Sementara, Eks Menteri Sosial Juliari Batubara mengungkapkan terdapat 92 kabupaten/kota yang tak pernah memperbarui data jumlah masyarakat miskin di wilayahnya. Hal itu membuat jumlah orang miskin di kabupaten/kota tersebut tercatat paling banyak dibandingkan dengan kawasan lainnya.
Lalu, 319 kabupaten/kota lainnya memperbarui data jumlah orang miskin di wilayahnya, tetapi tidak sampai 50 persen. Dengan kata lain, mayoritas data kemiskinan di 319 kabupaten/kota itu masih data lama.
Kemudian, 103 kabupaten/kota yang memperbarui data kemiskinan di masing-masing wilayah yang melebihi 50 persen. Ini berarti, sebagian besar datanya saat ini adalah yang terbaru.

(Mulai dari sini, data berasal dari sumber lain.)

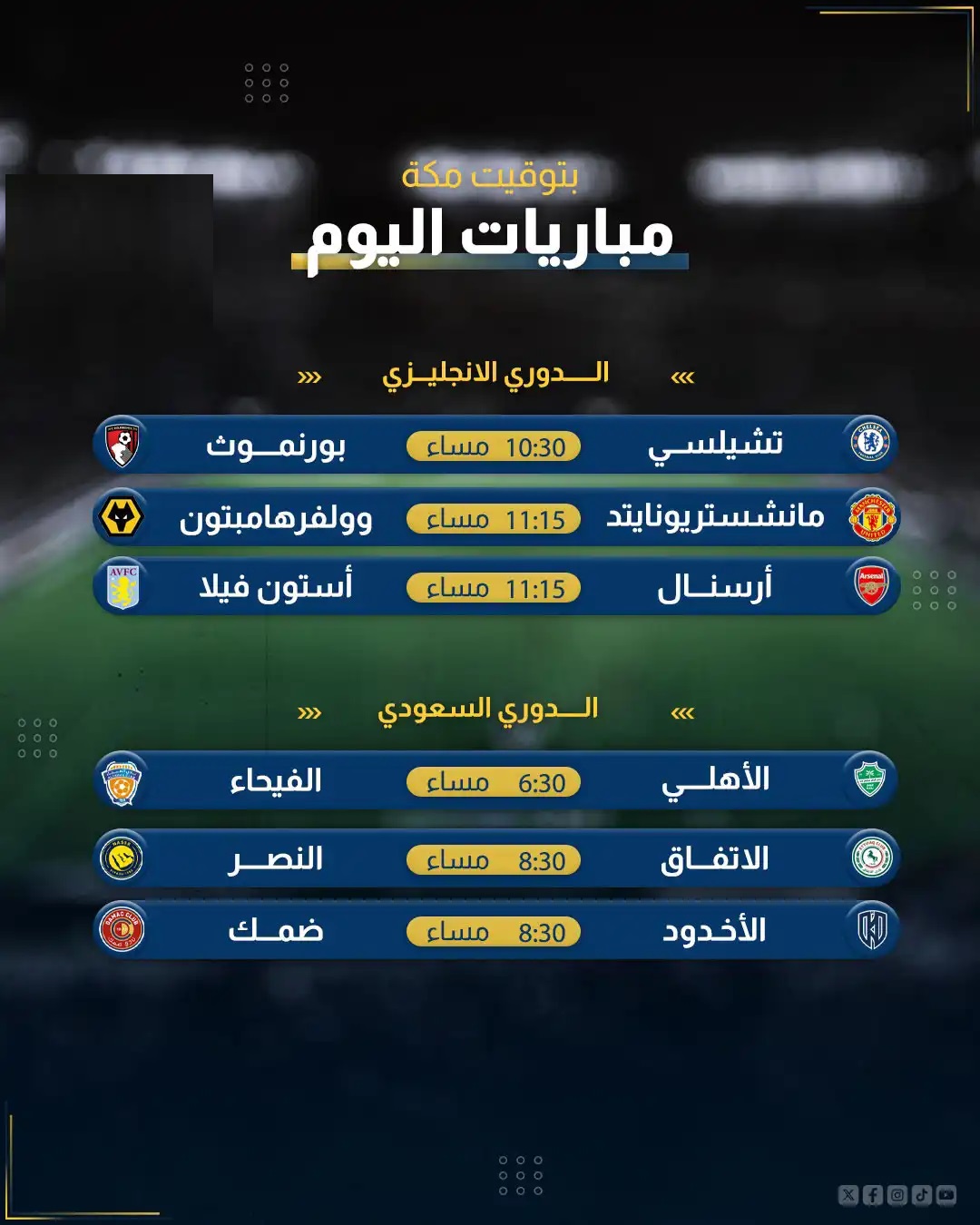 شاهد مواعيد مباريات اليوم والقنوات الناقلة آرسنال ومنتخب تونس والنصر..

Permasalahan data juga muncul karena sikap culas kepala daerah. Menteri Perencanaan Pembangunan Nasional sekaligus Kepala Bappenas Suharso Monoarfa mengatakan beberapa kepala daerah akan mengubah data jumlah orang miskin jelang pemilihan kepala daerah (pilkada).

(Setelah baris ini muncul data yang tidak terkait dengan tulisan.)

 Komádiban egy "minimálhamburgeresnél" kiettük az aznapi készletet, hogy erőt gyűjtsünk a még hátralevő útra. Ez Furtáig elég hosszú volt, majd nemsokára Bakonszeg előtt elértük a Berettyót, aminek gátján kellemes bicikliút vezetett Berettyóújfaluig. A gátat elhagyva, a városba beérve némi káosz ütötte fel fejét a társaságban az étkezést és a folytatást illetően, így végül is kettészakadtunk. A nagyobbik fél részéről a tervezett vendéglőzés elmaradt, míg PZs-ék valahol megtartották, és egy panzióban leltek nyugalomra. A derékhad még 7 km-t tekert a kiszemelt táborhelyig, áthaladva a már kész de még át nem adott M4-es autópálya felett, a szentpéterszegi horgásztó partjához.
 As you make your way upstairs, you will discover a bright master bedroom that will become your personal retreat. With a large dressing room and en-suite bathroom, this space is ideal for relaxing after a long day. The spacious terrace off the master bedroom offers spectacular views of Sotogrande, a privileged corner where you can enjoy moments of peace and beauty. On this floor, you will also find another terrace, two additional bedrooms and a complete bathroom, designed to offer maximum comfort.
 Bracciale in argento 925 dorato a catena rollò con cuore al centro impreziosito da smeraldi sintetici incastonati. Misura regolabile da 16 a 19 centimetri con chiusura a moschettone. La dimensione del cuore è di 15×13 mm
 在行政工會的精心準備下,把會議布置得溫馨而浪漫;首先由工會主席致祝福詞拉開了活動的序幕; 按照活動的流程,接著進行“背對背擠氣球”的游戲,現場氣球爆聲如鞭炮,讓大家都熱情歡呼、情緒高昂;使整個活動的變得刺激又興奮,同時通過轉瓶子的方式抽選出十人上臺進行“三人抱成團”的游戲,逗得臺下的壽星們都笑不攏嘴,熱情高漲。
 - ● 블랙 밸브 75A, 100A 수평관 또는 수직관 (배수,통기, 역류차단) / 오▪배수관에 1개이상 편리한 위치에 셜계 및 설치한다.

Biasanya, kepala daerah akan membuat jumlah orang miskin lebih tinggi dari sebelumnya. Namun, ketika kepala daerah itu kembali terpilih, mereka akan berusaha menurunkannya secara drastis, sehingga akan dinilai sebagai prestasi bagi kepala daerah itu.
Penyaluran makin lambat
Selain penyaluran kurang maksimal akibat masalah data, bantuan juga dinodai dugaan kasus korupsi yang melibatkan Menteri Sosial Julairi Piter. Ekonom Institute for Development of Economics and Finance Bhima Yudhistira memproyeksi penyaluran bansos semakin terhambat oleh kasus itu. Apalagi, setelah Komisi Pemberantasan Korupsi (KPK) menetapkan Juliari sebagai tersangka korupsi dalam program bansos penanganan virus corona.
Kasus tersebut katanya, akan membuat pejabat semakin hati-hati dalam menyalurkan bansos ke depannya.

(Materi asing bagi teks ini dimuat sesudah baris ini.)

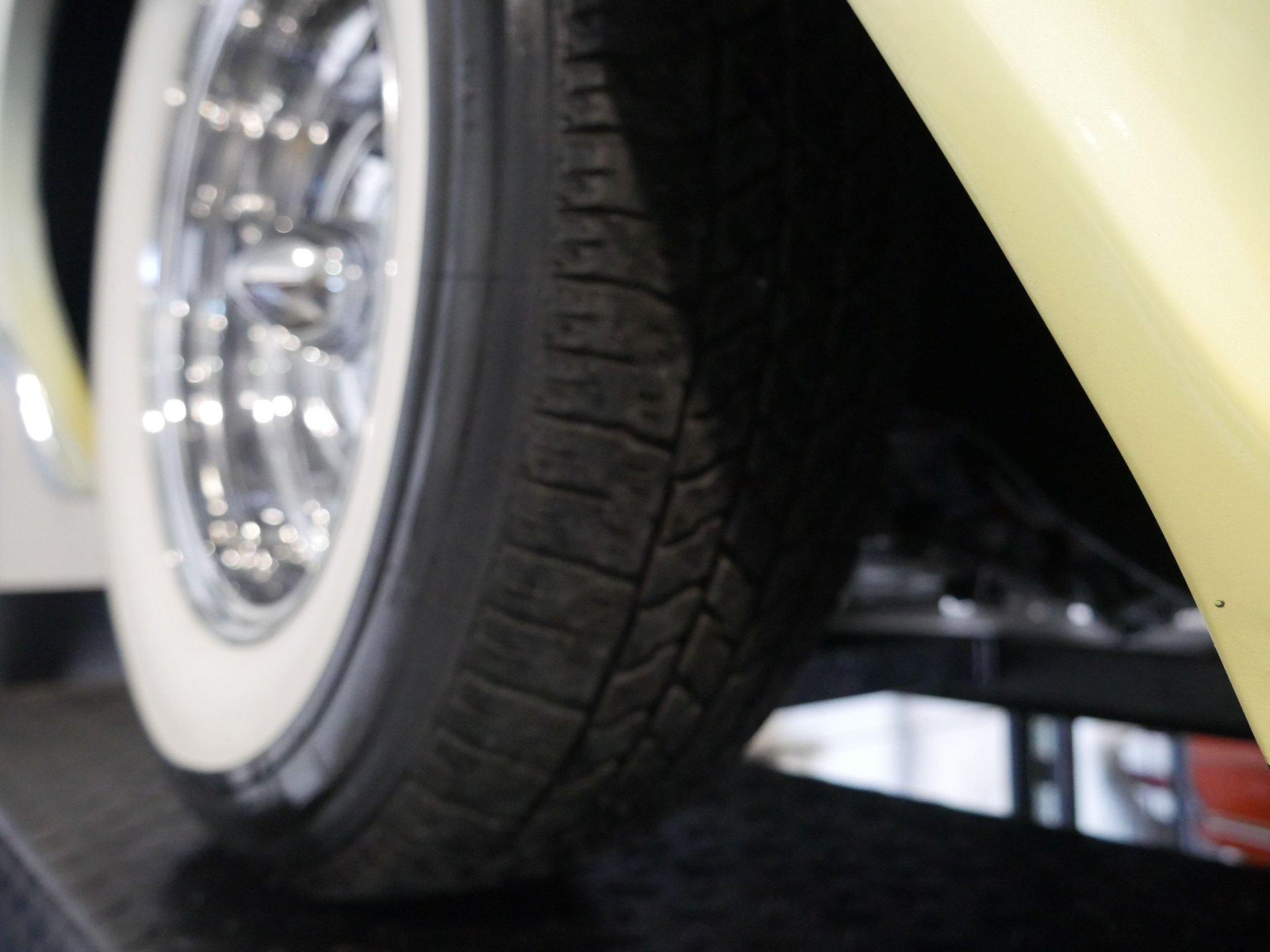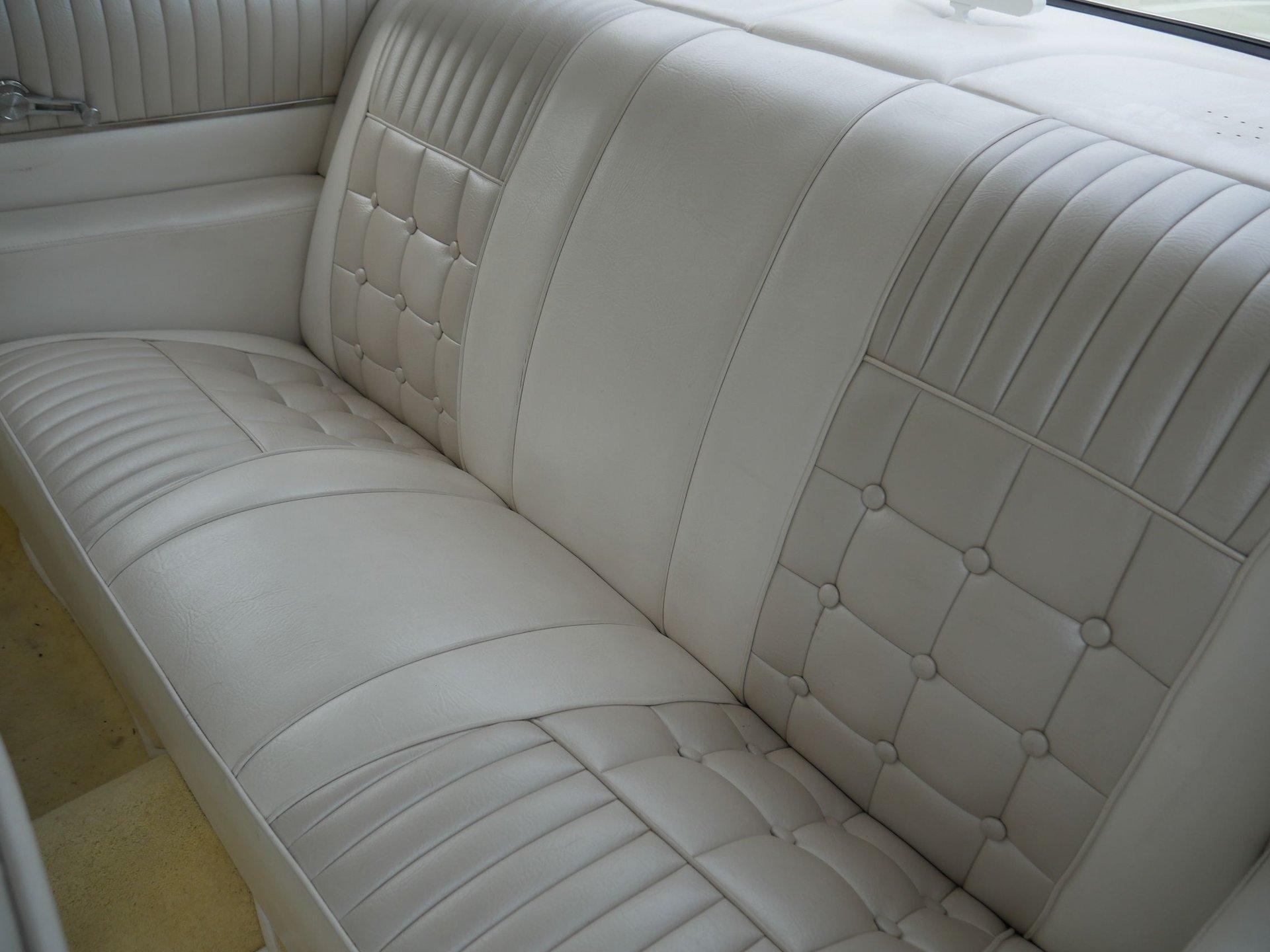 Just as he's done many times in the past, D'Agostino called on Bob Divine to stitch pearl white upholstery in a manner evoking the look of the early '60s. Divine responded with rolls, pleats, and biscuit inserts on modified late-model bucket front seats, a stock rear bench, and a custom console. Naturally, the trunk was upholstered to match. Yellow carpet was laid down to coordinate with the lemon and peach paint on the dash, while a Pioneer stereo was stashed in the glovebox to provide cruise-worthy tunes.

"Pejabat teknis mungkin akan lebih hati-hati, khususnya bansos yang pendataannya bermasalah, kemudian tidak tepat sasaran," ucap Bhima.
Selain itu, kelambanan juga akan dipicu oleh evaluasi yang dilakukan pemerintah usai kasus dugaan korupsi bansos covid terungkap. Bukan tidak mungkin, katanya, karena kasus itu beberapa program bansos akan disetop sementara.
"Bisa dikaji kembali beberapa program bansos, di-hold beberapa, khususnya bansos Jabodetabek. Ini menghambat penyaluran bansos. Jadi pesimistis juga untuk mencapai angka 100 persen," terang Bhima.
Selain itu, persoalan data yang tak sinkron antara pemerintah pusat dan daerah juga menambah daftar masalah penyaluran bansos di dalam negeri. Tak ayal, realisasinya masih rendah.
Selain itu, dampak penyaluran bansos terhadap ekonomi juga tak signifikan. Bansos yang diharapkan bisa mempertahankan tingkat konsumsi masyarakat nyatanya tak bisa membuat daya beli tetap terjaga di masa pandemi.